There is an early version of Portmaster for both Windows and Linux. At the time, it is put out for testing and development. Alpha software might have bugs and other problems, so it shouldn’t be put on machines that are used for production.

The team working on the project says that the alpha label is “more about missing features than instability.” For the first beta release, there will be options for importing and exporting, support for custom filter lists, updates that are signed with cryptography, and a full-device network monitor.

Installation is easy on Windows, but you have to restart your computer to finish the process. The interface is modern and well-made. On the main page, you can see a list of recent network activity, including the total number of connections and the share of connections that were allowed and those that were blocked.

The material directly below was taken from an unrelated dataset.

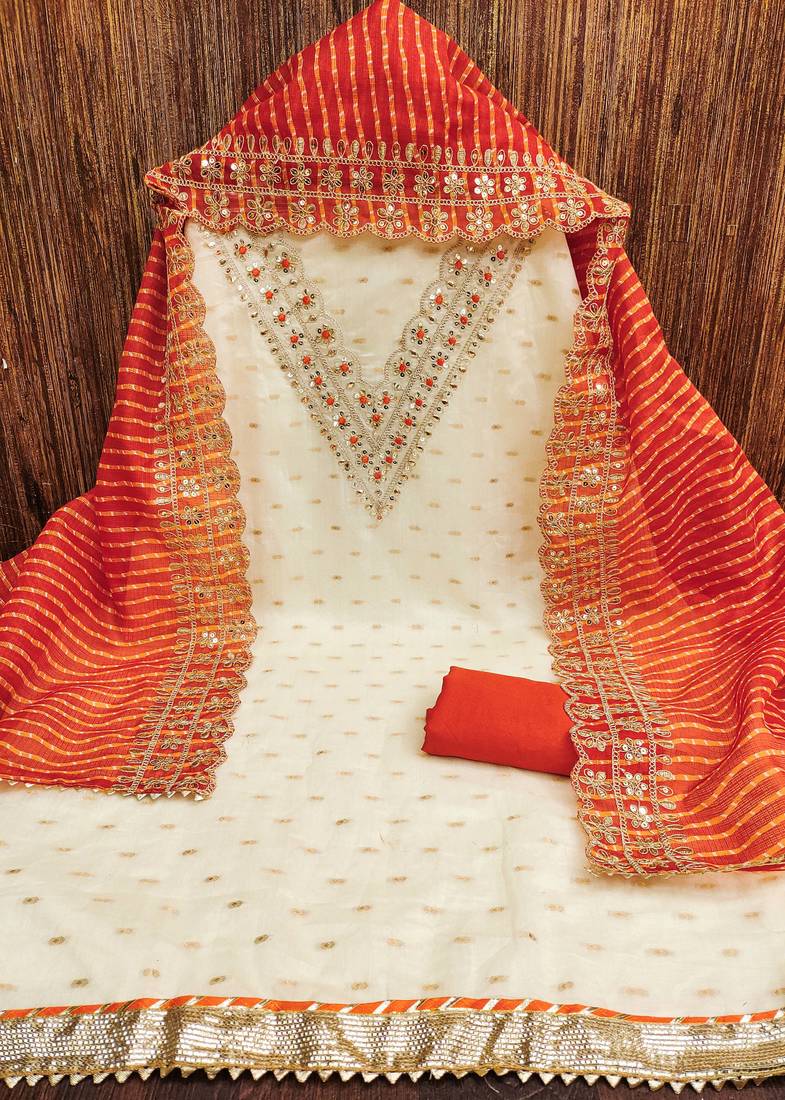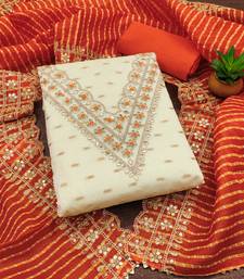 White chanderi silk embroidered dress material unstitched

When you click on an application or service in the list of network activity, you can see information about each connection made in the past, such as its name and path.

For each connection, the target, whether or not the data was encrypted, the IP addresses, and the countries where the IP addresses are located are all written down.

Each application can have its own set of settings. Users can also block all network activity and change a number of connection-specific options. Among others:

  • Switch between default network actions: allow, block, prompt.
  • Block Internet or LAN connectivity.
  • Block P2P/Direct Connections
  • Block incoming connections.
  • Configure outgoing rules.
  • Apply filter lists, e.g. ad and tracker blocking, malware hosts

All of these can be set globally, so that all applications and services use the same settings by default. Override options are available for individual apps.

In the All Apps section, you can see a list of all the apps that have used the network recently or in the past. There is a search function that makes it easy to find apps in the list. To change how networking works by default, you can choose any application or service.

The alpha version of the paid feature SPN, Safe Privacy Network, is also included. The service was modeled after Tor because it sends connections through multiple network hops to make them more private. Multi-hop architecture is the main difference between VPNs and other networks. Some VPNs, like NordVPN, also let you connect to more than one server at once, but these connections are usually not made to hide information like the destination from each other.

Portmaster is a good network monitor because it is free, open source, and works on many platforms. There are versions for Windows and Linux, and a Mac version is in the works. The interface is well-made, and even though it’s missing some features, it works.